De leur côté, les architectes peuvent modéliser et interpréter ces propositions de valeur et ces exigences afin de s'assurer que leur gamme d'initiatives est adaptée, et que les personnes qui travaillent sur ces solutions savent quels éléments sont les plus efficaces, et où. Si vous considérez la durabilité comme une nouvelle exigence non fonctionnelle (ou au moins comme un critère plus important qu'avant), vous trouverez des façons d'intégrer une dimension de durabilité dans les processus d'une solution architecturale, en particulier lors des phases de viabilité et de validation.

Un autre point architectural lié à la durabilité concerne les retombées des solutions informatiques sur vos objectifs. Les technologies consomment beaucoup d'énergie, et il est essentiel de prendre en compte leur empreinte carbone lorsque vous prenez des décisions en matière d'architecture de solution. Par exemple, en 2019, The SHIFT Project a estimé les émissions de CO2 liées aux vidéos en ligne, dont l'usage a explosé, notamment en raison de la multiplication des réunions à distance.
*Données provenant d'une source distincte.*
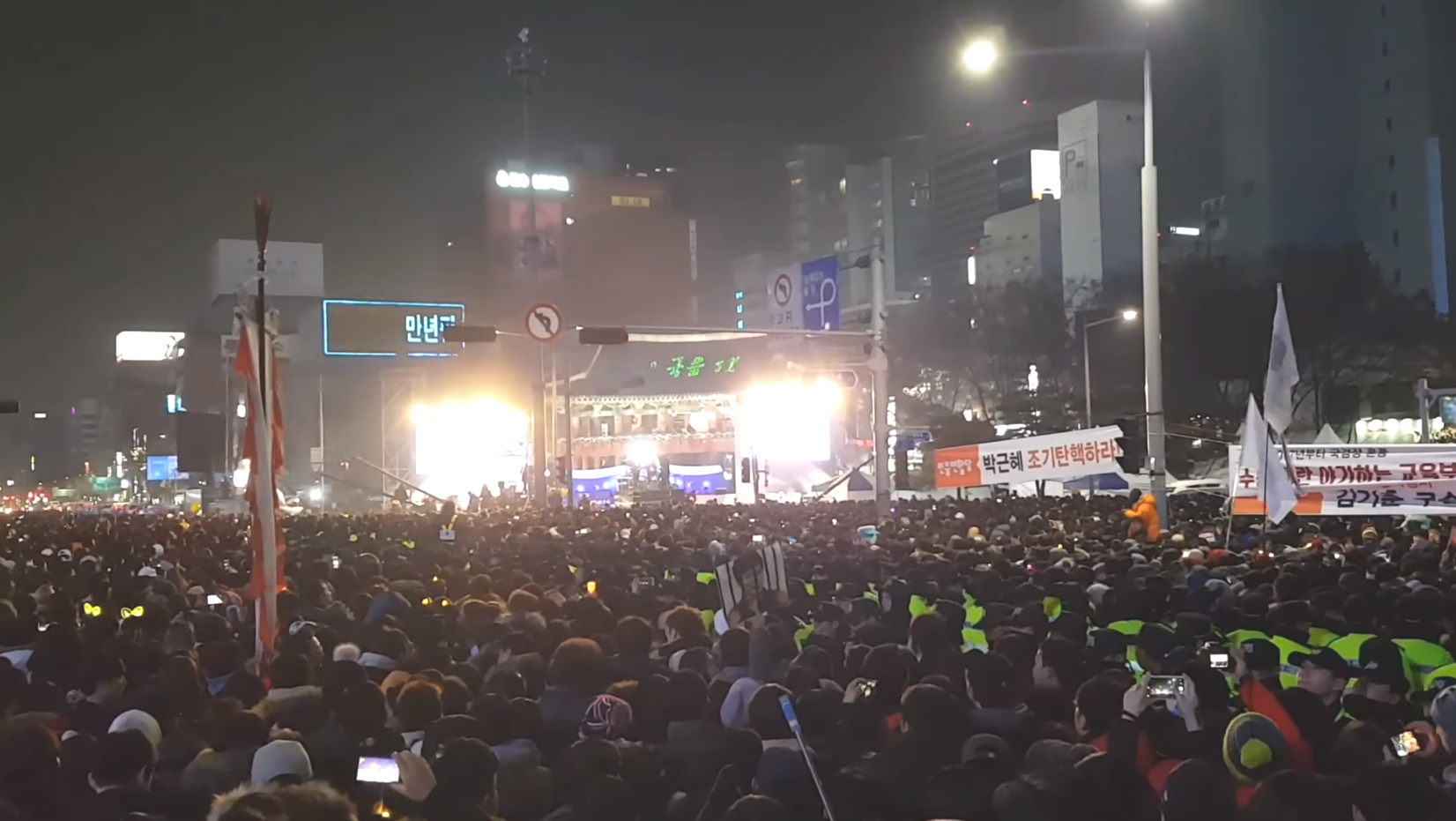 當年12月31日,KBS直播首爾市中心普信閣的跨年夜敲鐘,附近正好也有市民團體舉行年末批判政府的集會活動,參與的人數也持續增加。

Parmi les nouvelles technologies gourmandes en énergie figurent le minage de bitcoins, les algorithmes d'IA récents (surtout les systèmes conversationnels et artistiques) et d'autres domaines prometteurs, tels que le métavers. Par conséquent, alors que nous faisons de notre mieux pour optimiser notre consommation d'énergie dans les datacenters, nous augmentons en parallèle notre empreinte carbone en créant du code plus complexe, en rajoutant des silos à nos systèmes et en encourageant la prolifération des données.

[Découvrez comment la modernisation de l'informatique peut aider à réduire la dette technique.]

Que peuvent faire les architectes ?

En tant qu'individus, nous pouvons tous contribuer à l'effort commun en réduisant nos déchets, en les recyclant ou en limitant nos voyages. En tant que salariés, nous pouvons faire entendre notre voix au sein de notre entreprise pour que notre travail aille dans le bon sens.

Les architectes aussi doivent mettre leurs compétences au service de la durabilité. Il est de notre responsabilité de comprendre et d'équilibrer les solutions au regard des problématiques environnementales, notamment en ajoutant la durabilité à la liste de nos exigences non fonctionnelles, car bientôt, nous serons probablement amenés à mesurer la dette technique écologique de nos systèmes informatiques.


Cet article est inspiré d'une présentation de Paul, « An architect's perspective or "What can I do?" », lors de l'événement EA for Sustainability de The Open Group, en janvier 2023.